When we first meet Olga Acevedo in June 2017, she’s a wedding planner to Manhattan’s elite, quietly plotting to pad a client’s order for luxury linen napkins so she can keep a couple hundred for herself. It’s not as if the client is going to notice or care about the discrepancy. And Olga is going to put those napkins to good use, at the wedding of a cousin with whom she has a love-hate relationship, where they will send a clear message about Olga’s status.
Olga’s brother, Prieto, moves in the same rarefied New York circles as a U.S. congressman, publicly proud to represent a Brooklyn district that includes the mostly Puerto Rican neighborhood where he and Olga grew up. But like his sister, he’s not quite on the up-and-up, though he’s got a different approach to skimming from the top and maintaining his status.

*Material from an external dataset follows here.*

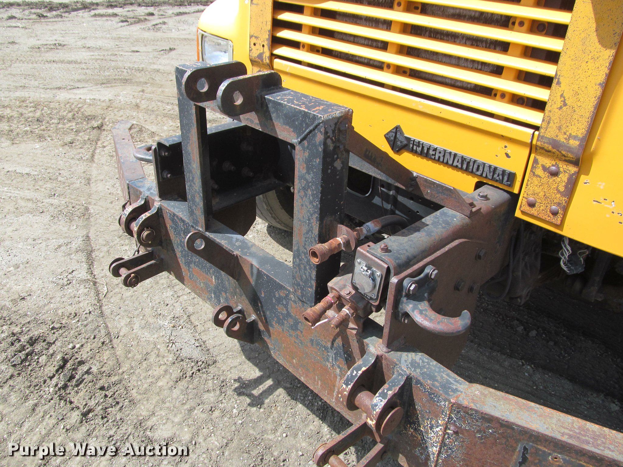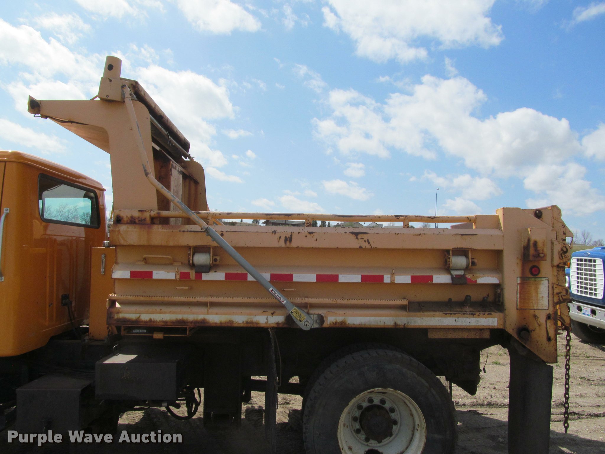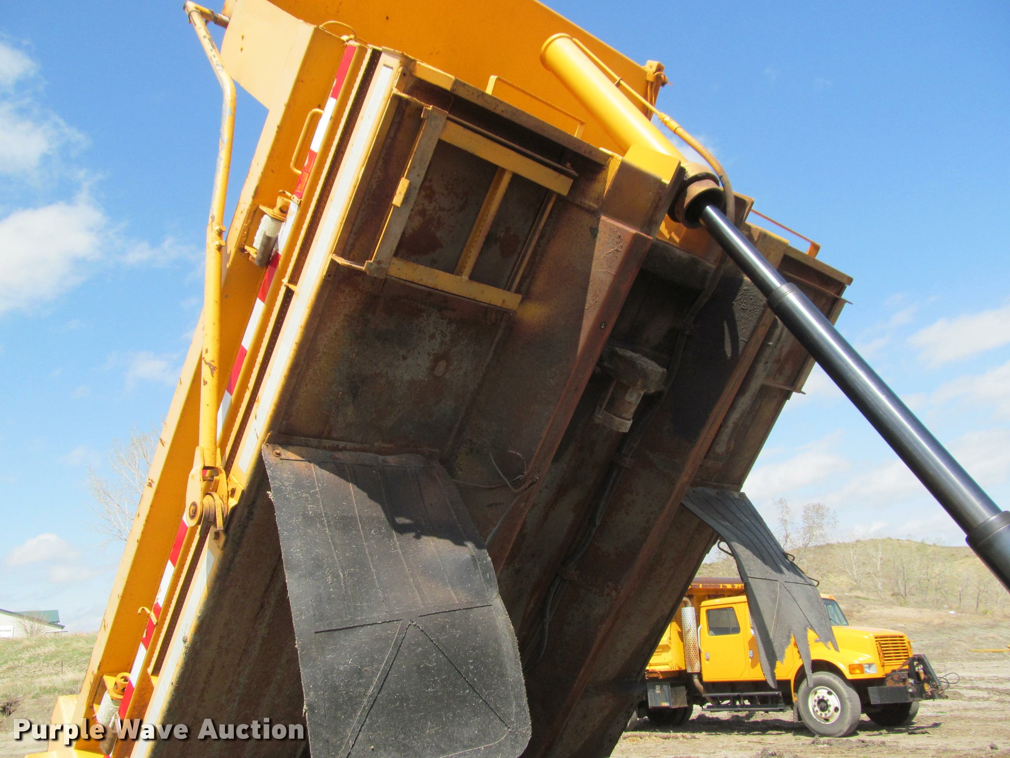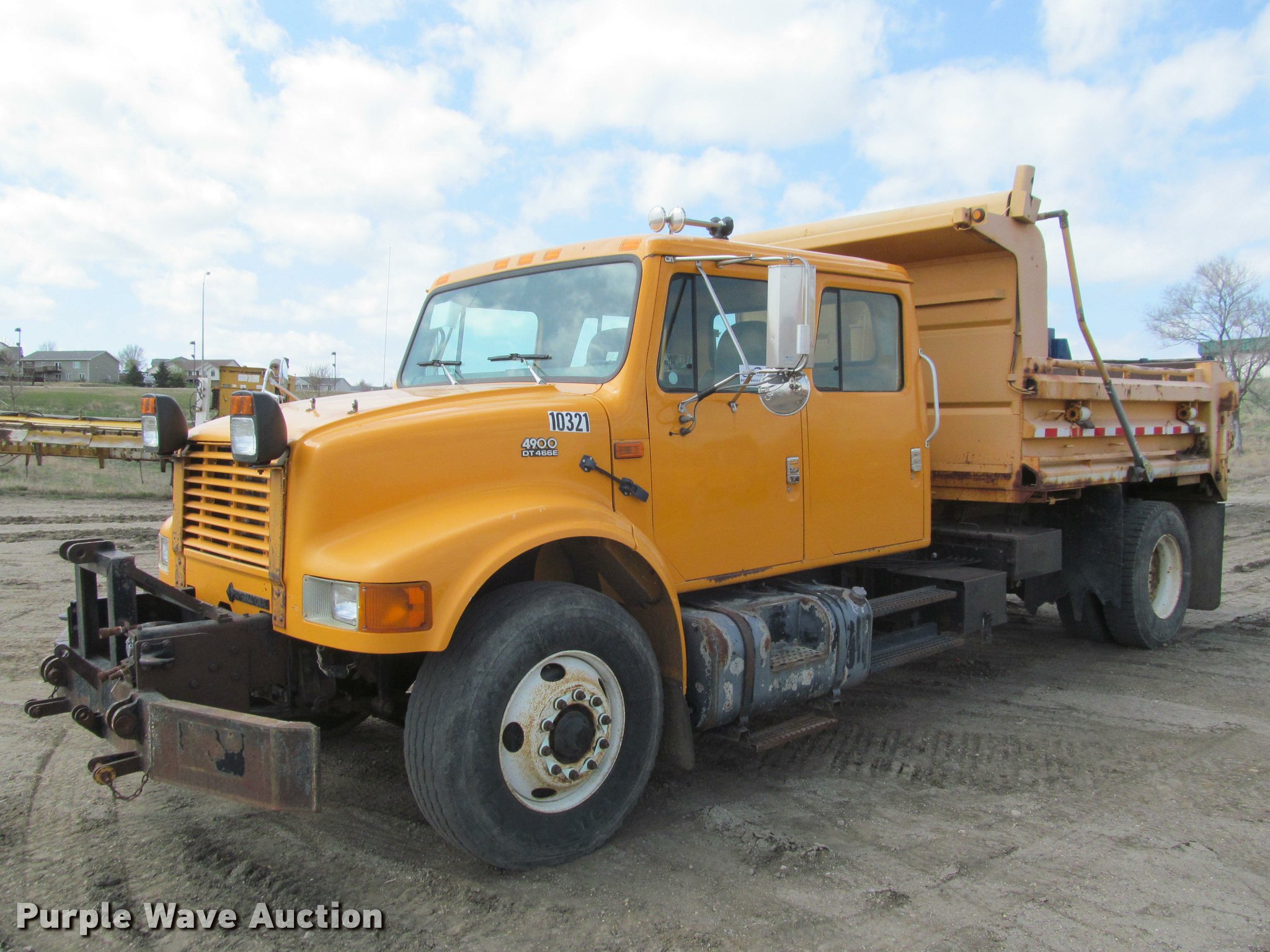 Purple Wave is selling a used Construction Dump Truck in South Dakota. This item is a 2002 International 4900 Crew Cab dump truck with the following: 169,567 miles on odometer, 11,015 hours on meter, International DT466 7.6L L6 turbo diesel engine, Allison automatic transmission, Single axle, AC and heat, Cruise, AM/FM, Power windows, Power and heated mirrors, Block heater, PTO, Galion UFT 4.5-3-90 steel dump bed, 10'L x 8'W, 26" side height, Electric rollover tarp, Bed vibrator, Air operated end gate, Single ram hoist, Dual bed mounted hydraulic remotes, Under-mounted toolbox, Serial H-21165, Plow bracket bumper, Wing plow mount, Single fuel tank, Pintle hitch, Spring suspension, Air brakes, Engine brake, 315/80R22.5 front tires, 11R22.5 rear tires, Rust, Unit# 10321

As for their parents? They’re two more big secrets. Papi used street drugs, contracted HIV, and died of AIDS. Mami left years ago, choosing radical political activism over raising progeny. Through her character, Gonzalez reflects on how Puerto Rico’s status as a second-class territory (Olga’s parents named her after Puerto Rican liberation activist Olga Garriga) resonates in the siblings’ lives.

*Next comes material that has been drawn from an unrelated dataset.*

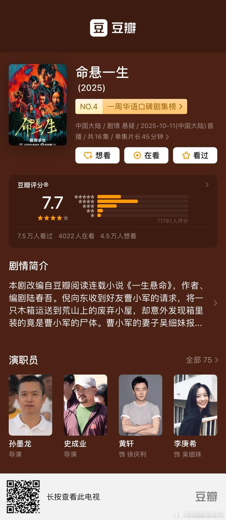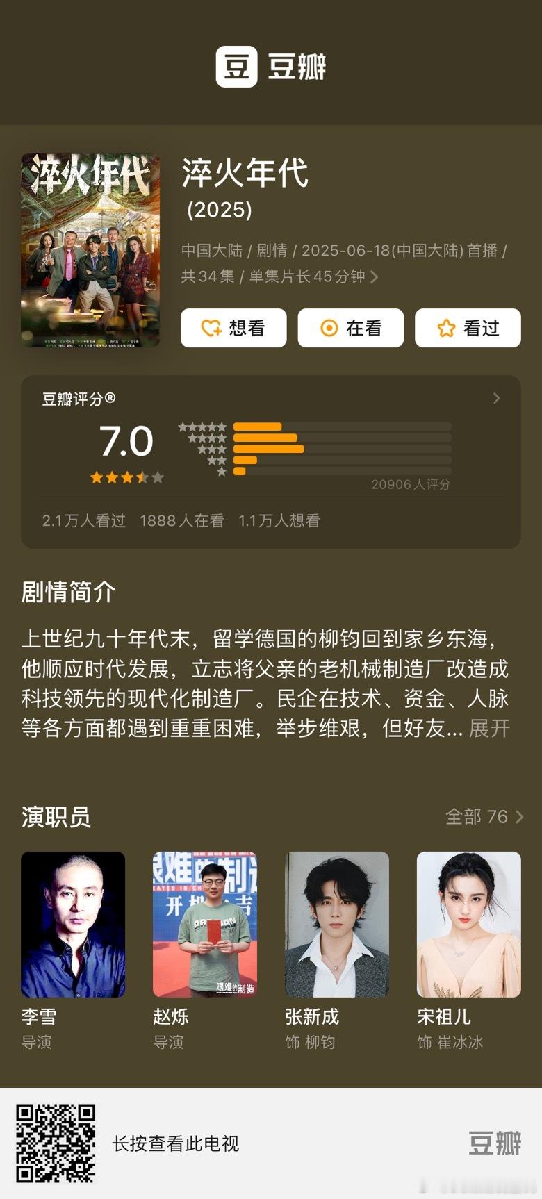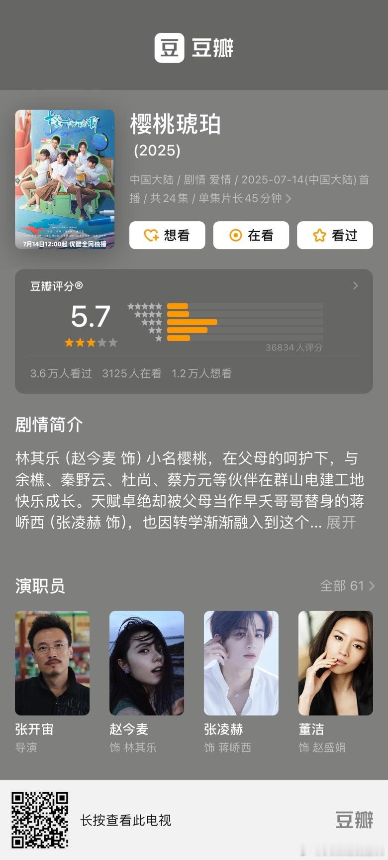 刚才群里盘点了一下,正午阳光今年全扑,可怕,品质大部分还行……优酷:樱桃琥珀 张开宙爱奇艺:命悬一生 孙墨龙鹅桃:淬火年代 李雪也就去掉芒果TV的《小巷人家》(张开宙)口碑数据都不错。

Gonzalez sets this swirl of family, secrets, identity, and politics during the months surrounding Hurricane Maria, the most devastating storm to hit Puerto Rico in more than eight decades. It was refreshing to read a novel that so deftly balanced intimate family relationships with big political ideology, and I was delighted to learn that Gonzalez is now working on a pilot for Hulu, with the wonderful Aubrey Plaza (who is part Puerto Rican) in the lead role. Best wishes to them.
I’ve seen this book listed on “Best of 2022” book lists. I appreciate your recommendations so I’m going to put it in my queue.